One-line idea: GRPO (arXiv:2402.03300, DeepSeekMath, 2024-02-05) replaces PPO’s learned critic with a group-mean baseline over N samples of the same prompt — cheap, no critic, but implicitly one-reward-per-generation. GAE (arXiv:1506.02438, 2015-06-08) is the classical mechanism for trading bias/variance in the advantage estimate across a single trajectory’s timesteps — built for one agent-environment stream, not turn-vs-token double granularity. Full method table (with your reinforcement chapter’s GRPO/GSPO/DAPO baseline) below.

GiGPO — step-level advantage with zero extra rollouts [L] [E]

arXiv:2505.10978 (Feng, Xue, Liu, An; 2025-05-16, NeurIPS 2025 poster).

  • Problem: vanilla GRPO computes one advantage per whole trajectory — a good early enumeration step and a lucky late guess get identical credit.
  • Key idea: two nested groupings. (1) Episode-level group — N full rollouts, GRPO-style trajectory advantage (macro: “was this whole run good?”). (2) Step-level group — hash each (state, step) pair, bucket steps that recur across trajectories into anchor groups, compute a second advantage from “what happened next” conditioned on that shared state (micro credit) — no new network, no extra rollouts.
  • Loop delta: after collecting the usual GRPO batch, add a step-indexing pass → advantage = episode_advantage + λ · step_advantage → feed into the same PPO-clipped update.
  • Hyperparameters that matter: state-hashing granularity (too coarse → false matches; too fine → anchor groups collapse to size 1) and the mixing weight λ.
  • Gotcha for CTF: built for hashable/discrete states (web pages, grid cells).

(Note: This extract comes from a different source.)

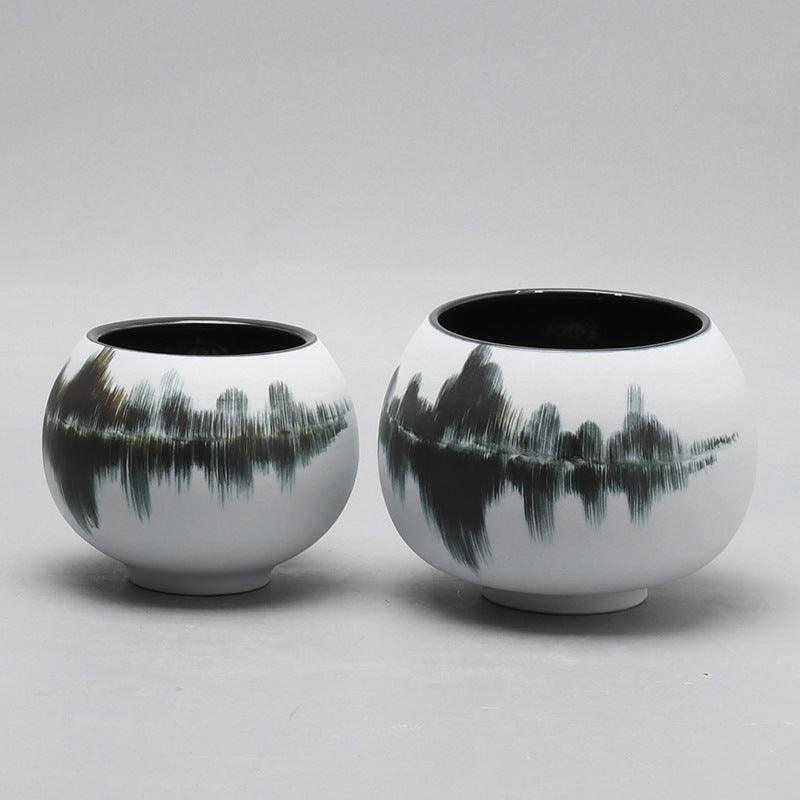 Indulge in the exquisite charm of our Artisanal Ink Painting Ceramic Vase, meticulously crafted to elevate your living spaces with a touch of elegance.

A CTF agent’s state is unbounded free text (shell stdout, HTTP bodies) — you need a canonicalization step, e.g. hash on (tool_name, normalized_target, response_status_class) rather than raw text, or anchor groups never fire.

Designed to fix: pattern #4 (uneven PTES phases — 62% of failures stall in exploitation). Step-level credit is the mechanism that stops the 100-turn trajectory advantage from diluting the exploitation-phase steps that actually decide the run.

Given the harness already emits structured tool_call/tool_exec_ms spans (harness-observability-contract-2026-06.md), a state key from those spans is the cheapest first transplant in this whole chapter — no critic, no infra, just a canonicalization function.

ArCHer — the two-time-scale ancestor [L]

arXiv:2402.19446 (Zhou, Zanette, Pan, Levine, Kumar; 2024-02-29).

  • Key idea: a hierarchy — a turn-level off-policy critic (TD-learned, “how good is this utterance given the conversation-so-far”) and a token-level on-policy policy gradient bootstrapped off that turn value instead of only the final episode reward. Decouples “which turn was good” (dozens of decisions) from “which token was good” (thousands).
  • Ablation that matters: the sample-efficiency gap over flat single-critic baselines widens with horizon length — the regime you’re in.
  • Gotcha: off-policy turn-level value learning reintroduces the value-overestimation instability the project’s no-critic GRPO preference was designed to avoid. Treat ArCHer as the theoretical justification for “turn is the right unit,” not a recipe to implement wholesale — prefer GiGPO’s critic-free step-grouping or Verlog’s dual-discount GAE (below) for the same decomposition without a learned off-policy critic.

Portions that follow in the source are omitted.